ASSIGNMENT
Pictures are to be left out, and the rest of the records reproduced exactly.

Stored data
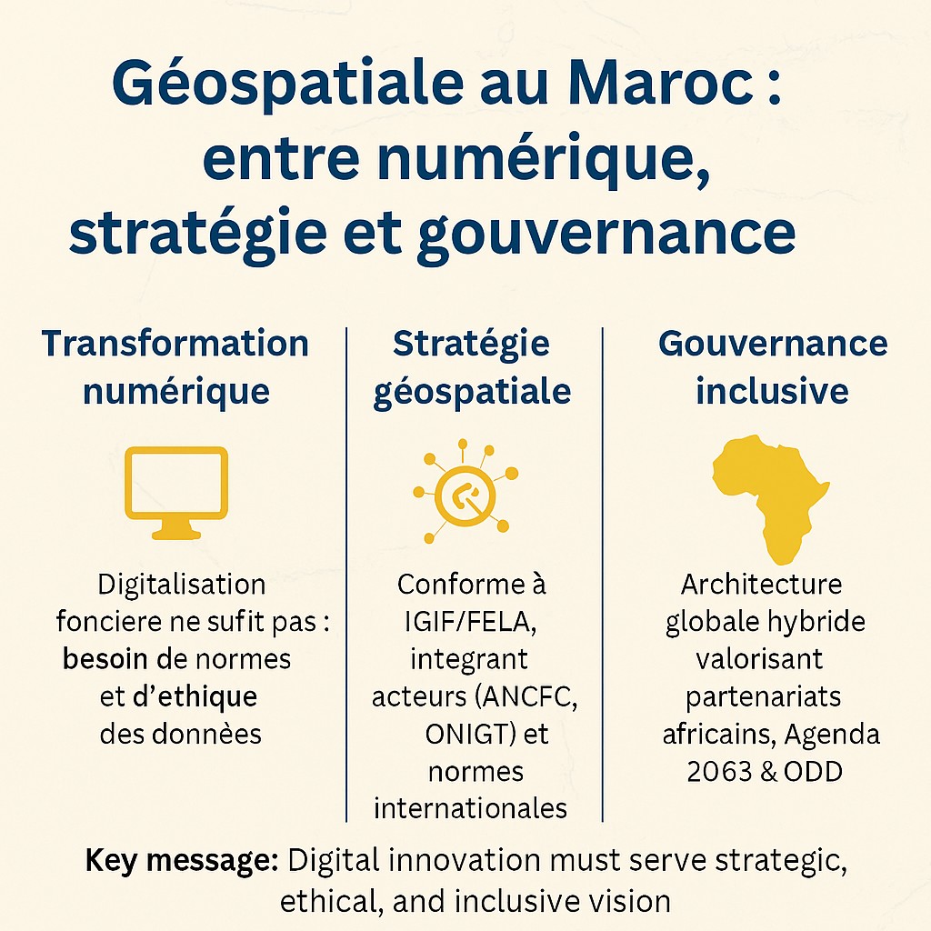 Ce triptyque – stratégie, gouvernance et technologie – doit guider la réforme géospatiale au Maroc et en Afrique. Il ne s’agit pas seulement d’innover, mais de construire un écosystème résilient, aligné sur l’Agenda 2063 et les ODD, selon les cadres, guides et normes internationales disponibles.
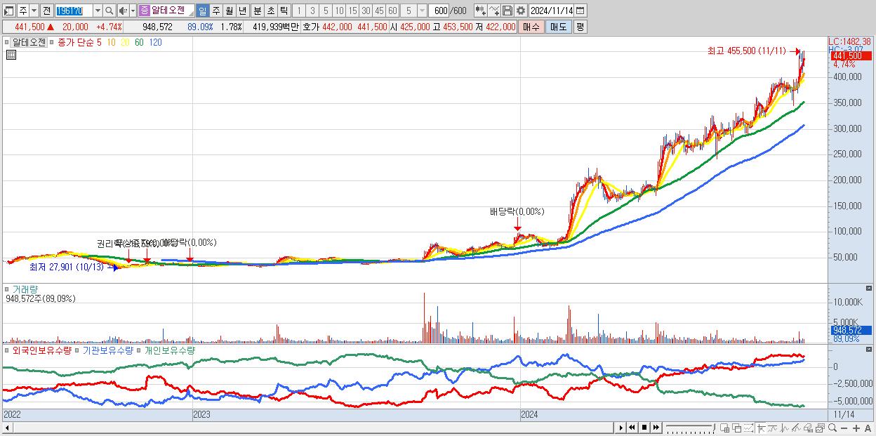 - 알테오젠 (441,500원 ▲ 4.74% , 시총: 235,403억, 거래량: 948,572, 거래대금:4,199억)
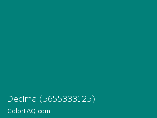 Decimal 5655333125 Color is a dark cyan color and the nearest color is Teal Green #00827f. Hex code #028079 and RGB value is rgb(2,128,121). In RGB color space, this color is composed of 1% red, 50% green, 47% blue, In CMYK color space, this color is composed of 98% cyan, 0% magenta, 5% yellow , 50% black , In HSL color space, this color has a hue angle of 177° , 97% saturation and 25% lightness.
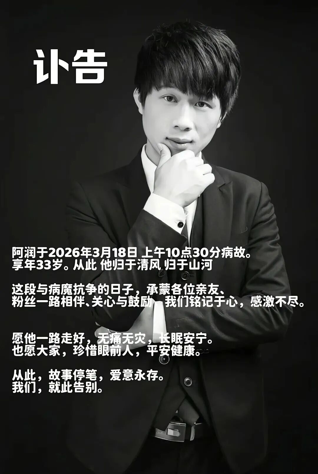 3月18日,33岁抗癌博主“润哥”死字。家东说念主在酬酢平台发布讣告:
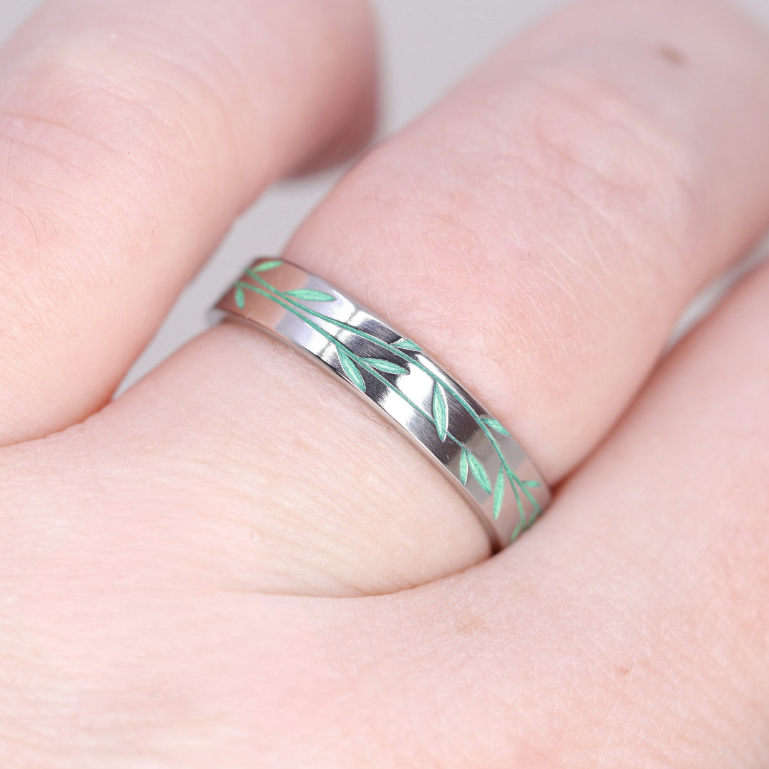 Lightweight and incredibly strong, it's no wonder Titanium is such a popular choice for first time ring wearers. With it's dark silver colour, Titanium is yet to find someone it doesn't look good on. Our Chelsea Park ring has a floral, vine like pattern laser engraved all the way around the band, a polished finish, is hypoallergenic and available in a 4mm width. Read more about Titanium here.
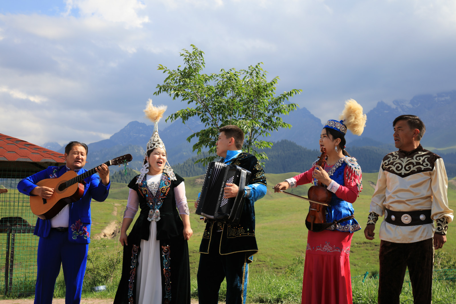 方如果介绍,鹿角湾也是当地哈萨克族传统的夏牧场,每年夏天,是一年中最热闹的时节。我们到访时,居住在鹿角湾景区内的哈萨克族男女老少正在聚会。他们穿着传统民族服饰,唱歌跳舞,欢迎来自远方的客人。
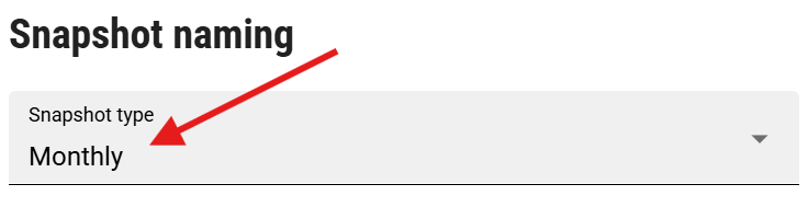 This is the name of the Snapshot Type, that will appear in the “Snapshot type” drop down when creating a new Snapshot.
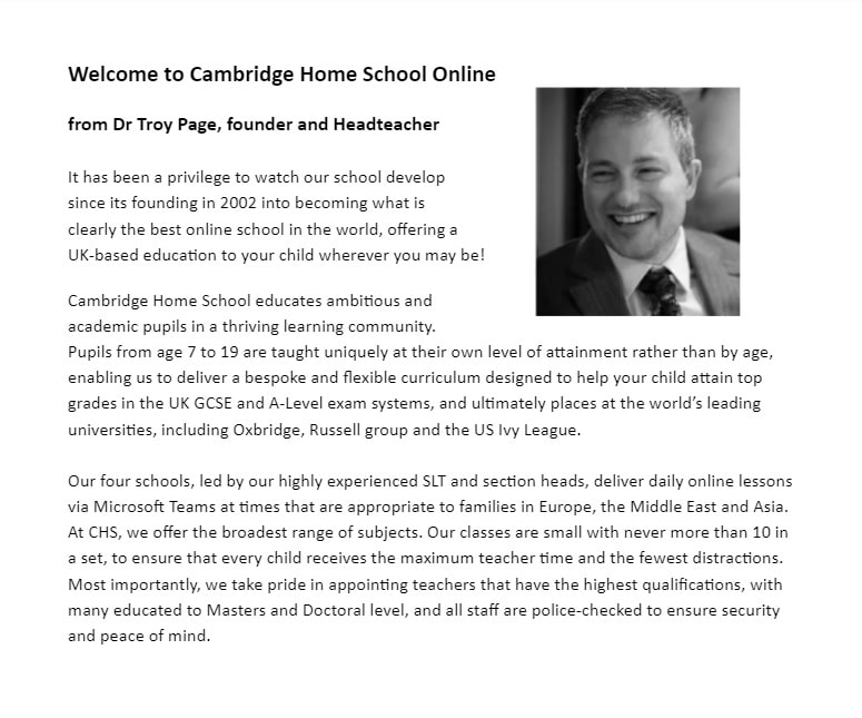 Established in 2002 (3 years before Youtube), Cambridge Home School Online was among the very first online schools in the UK. The school is one of the most trusted selective online schools across the globe. Trust is everything when choosing your child’s school! A school is more than a nice website! 90% of online schools have sprung up since the Covid 19 pandemic and do not have a track record of success. Parents should be very careful about entrusting their child’s education to start-up schools. Cambridge Home School Online boasts:
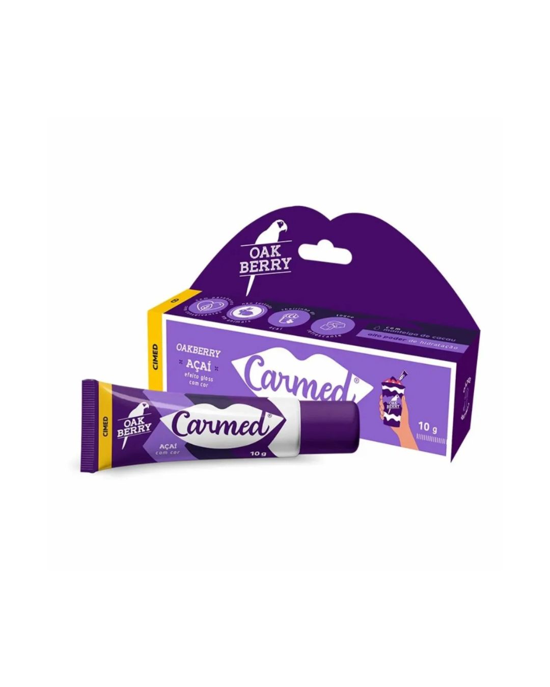 Carmed Oakberry Açaí é um hidratante labial com aroma frutado a açaí, desenvolvido para manter os lábios hidratados e protegidos da secura. Apresenta brilho com uma leve tonalidade arroxeada e não possui proteção solar.

EXERCISE RESULT
 Ce triptyque – stratégie, gouvernance et technologie – doit guider la réforme géospatiale au Maroc et en Afrique. Il ne s’agit pas seulement d’innover, mais de construire un écosystème résilient, aligné sur l’Agenda 2063 et les ODD, selon les cadres, guides et normes internationales disponibles.
 - 알테오젠 (441,500원 ▲ 4.74% , 시총: 235,403억, 거래량: 948,572, 거래대금:4,199억)
 Decimal 5655333125 Color is a dark cyan color and the nearest color is Teal Green #00827f. Hex code #028079 and RGB value is rgb(2,128,121). In RGB color space, this color is composed of 1% red, 50% green, 47% blue, In CMYK color space, this color is composed of 98% cyan, 0% magenta, 5% yellow , 50% black , In HSL color space, this color has a hue angle of 177° , 97% saturation and 25% lightness.
 3月18日,33岁抗癌博主“润哥”死字。家东说念主在酬酢平台发布讣告:
 Lightweight and incredibly strong, it's no wonder Titanium is such a popular choice for first time ring wearers. With it's dark silver colour, Titanium is yet to find someone it doesn't look good on. Our Chelsea Park ring has a floral, vine like pattern laser engraved all the way around the band, a polished finish, is hypoallergenic and available in a 4mm width. Read more about Titanium here.
 方如果介绍,鹿角湾也是当地哈萨克族传统的夏牧场,每年夏天,是一年中最热闹的时节。我们到访时,居住在鹿角湾景区内的哈萨克族男女老少正在聚会。他们穿着传统民族服饰,唱歌跳舞,欢迎来自远方的客人。
 This is the name of the Snapshot Type, that will appear in the “Snapshot type” drop down when creating a new Snapshot.
 Established in 2002 (3 years before Youtube), Cambridge Home School Online was among the very first online schools in the UK. The school is one of the most trusted selective online schools across the globe. Trust is everything when choosing your child’s school! A school is more than a nice website! 90% of online schools have sprung up since the Covid 19 pandemic and do not have a track record of success. Parents should be very careful about entrusting their child’s education to start-up schools. Cambridge Home School Online boasts:
 Carmed Oakberry Açaí é um hidratante labial com aroma frutado a açaí, desenvolvido para manter os lábios hidratados e protegidos da secura. Apresenta brilho com uma leve tonalidade arroxeada e não possui proteção solar.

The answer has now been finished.